- PROBLEM DESCRIPTION
Retype all of the listing exactly, with no pictures.

- PROVIDED MATERIAL
"""

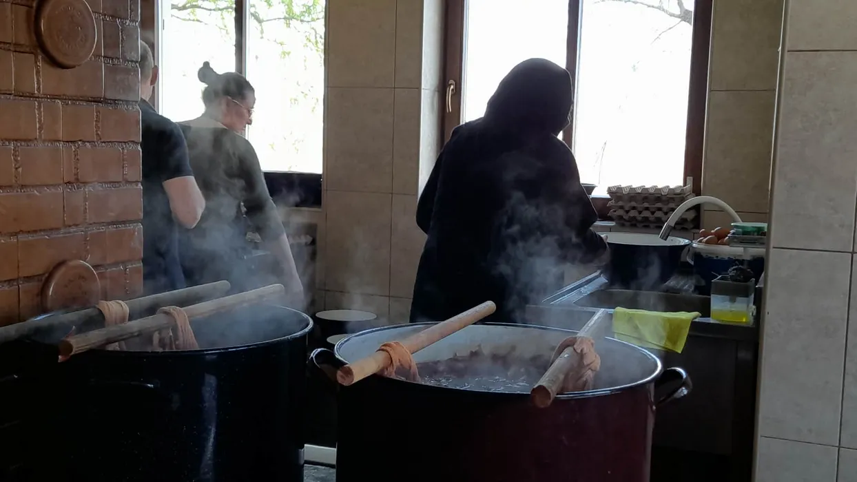 FOTO-VIDEO | Tradiție la Mănăstirea Timișeni / Peste 1.000 de ouă din gospodăria proprie sunt vopsite eco, folosind coji de ceapă roșie și albă
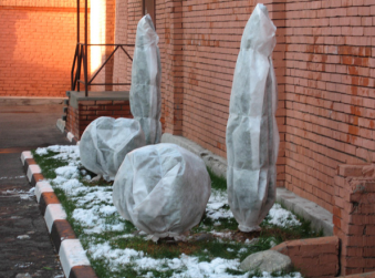 В целях более серьезной защиты применяется нетканый материал (спанбонд), которым оборачивается весь кустарник или дерево, дабы избежать повреждений и ожогов (преимущественно для молодых посадок и хвойных кустарников) зимой и ранней весной.
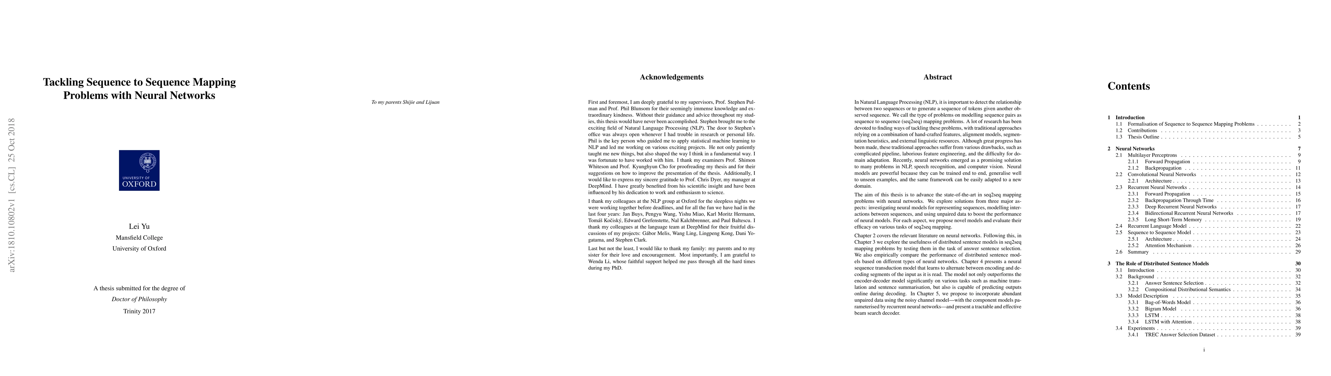 In Natural Language Processing (NLP), it is important to detect the relationship between two sequences or to generate a sequence of tokens given another observed sequence. We call the type of problems on modelling sequence pairs as sequence to sequence (seq2seq) mapping problems. A lot of research has been devoted to finding ways of tackling these problems, with traditional approaches relying on a combination of hand-crafted features, alignment models, segmentation heuristics, and external linguistic resources. Although great progress has been made, these traditional approaches suffer from various drawbacks, such as complicated pipeline, laborious feature engineering, and the difficulty for domain adaptation. Recently, neural networks emerged as a promising solution to many problems in NLP, speech recognition, and computer vision. Neural models are powerful because they can be trained end to end, generalise well to unseen examples, and the same framework can be easily adapted to a new domain. The aim of this thesis is to advance the state-of-the-art in seq2seq mapping problems with neural networks. We explore solutions from three major aspects: investigating neural models for representing sequences, modelling interactions between sequences, and using unpaired data to boost the performance of neural models. For each aspect, we propose novel models and evaluate their efficacy on various tasks of seq2seq mapping.
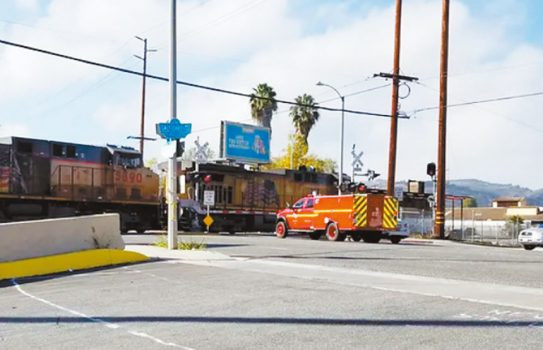洛縣消防局的車輛在該鐵道路口被火車擋住。官網截圖

"""

- ANSWER SPACE
 FOTO-VIDEO | Tradiție la Mănăstirea Timișeni / Peste 1.000 de ouă din gospodăria proprie sunt vopsite eco, folosind coji de ceapă roșie și albă
 В целях более серьезной защиты применяется нетканый материал (спанбонд), которым оборачивается весь кустарник или дерево, дабы избежать повреждений и ожогов (преимущественно для молодых посадок и хвойных кустарников) зимой и ранней весной.
 In Natural Language Processing (NLP), it is important to detect the relationship between two sequences or to generate a sequence of tokens given another observed sequence. We call the type of problems on modelling sequence pairs as sequence to sequence (seq2seq) mapping problems. A lot of research has been devoted to finding ways of tackling these problems, with traditional approaches relying on a combination of hand-crafted features, alignment models, segmentation heuristics, and external linguistic resources. Although great progress has been made, these traditional approaches suffer from various drawbacks, such as complicated pipeline, laborious feature engineering, and the difficulty for domain adaptation. Recently, neural networks emerged as a promising solution to many problems in NLP, speech recognition, and computer vision. Neural models are powerful because they can be trained end to end, generalise well to unseen examples, and the same framework can be easily adapted to a new domain. The aim of this thesis is to advance the state-of-the-art in seq2seq mapping problems with neural networks. We explore solutions from three major aspects: investigating neural models for representing sequences, modelling interactions between sequences, and using unpaired data to boost the performance of neural models. For each aspect, we propose novel models and evaluate their efficacy on various tasks of seq2seq mapping.
洛縣消防局的車輛在該鐵道路口被火車擋住。官網截圖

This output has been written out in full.